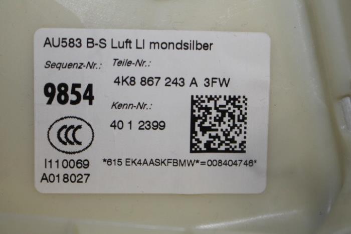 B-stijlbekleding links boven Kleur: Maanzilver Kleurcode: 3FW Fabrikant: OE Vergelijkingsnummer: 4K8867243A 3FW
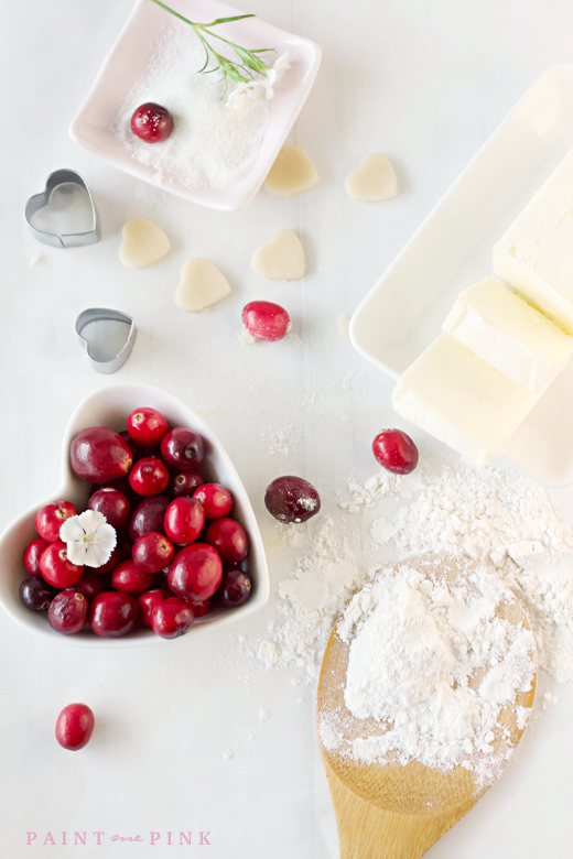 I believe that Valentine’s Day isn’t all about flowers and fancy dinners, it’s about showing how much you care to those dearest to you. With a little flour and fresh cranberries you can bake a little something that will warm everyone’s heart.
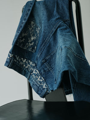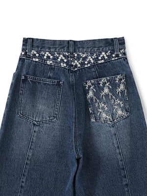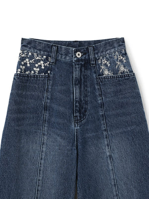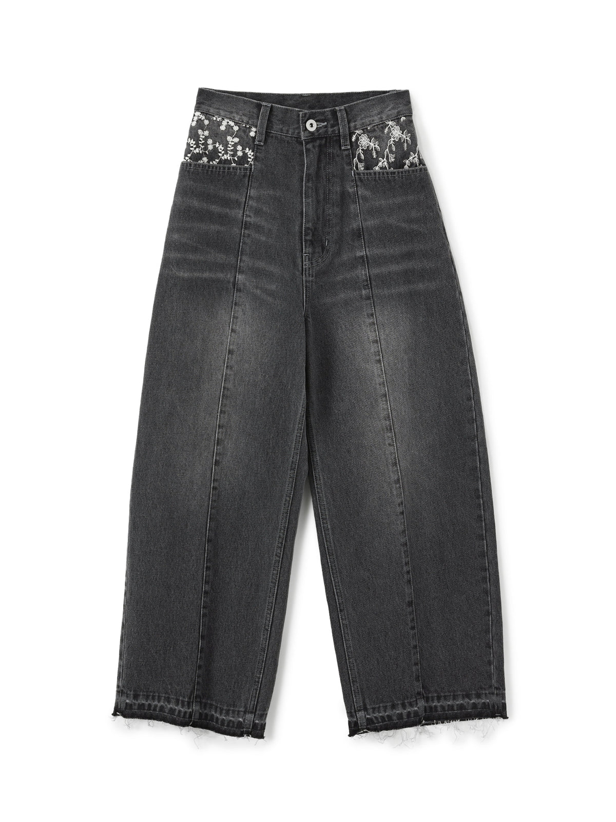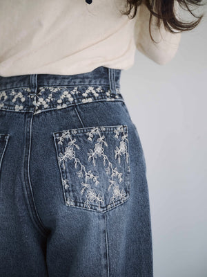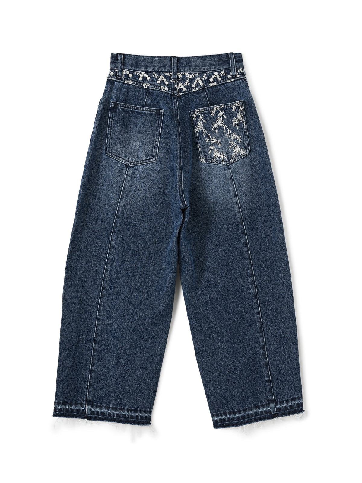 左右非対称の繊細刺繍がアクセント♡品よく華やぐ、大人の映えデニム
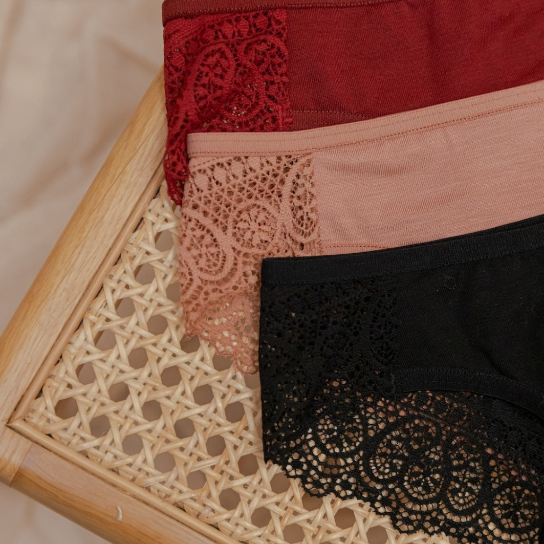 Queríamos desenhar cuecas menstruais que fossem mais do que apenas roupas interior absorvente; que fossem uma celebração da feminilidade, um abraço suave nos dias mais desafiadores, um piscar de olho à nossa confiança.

> Activity:
An exact reproduction of the lines from the line containing "左右非対称の繊細刺繍がアクセント♡品よく華やぐ、大人の映えデニム" through the end of the listing above is needed; pictures stay out.

> Answer section:
 左右非対称の繊細刺繍がアクセント♡品よく華やぐ、大人の映えデニム
 Queríamos desenhar cuecas menstruais que fossem mais do que apenas roupas interior absorvente; que fossem uma celebração da feminilidade, um abraço suave nos dias mais desafiadores, um piscar de olho à nossa confiança.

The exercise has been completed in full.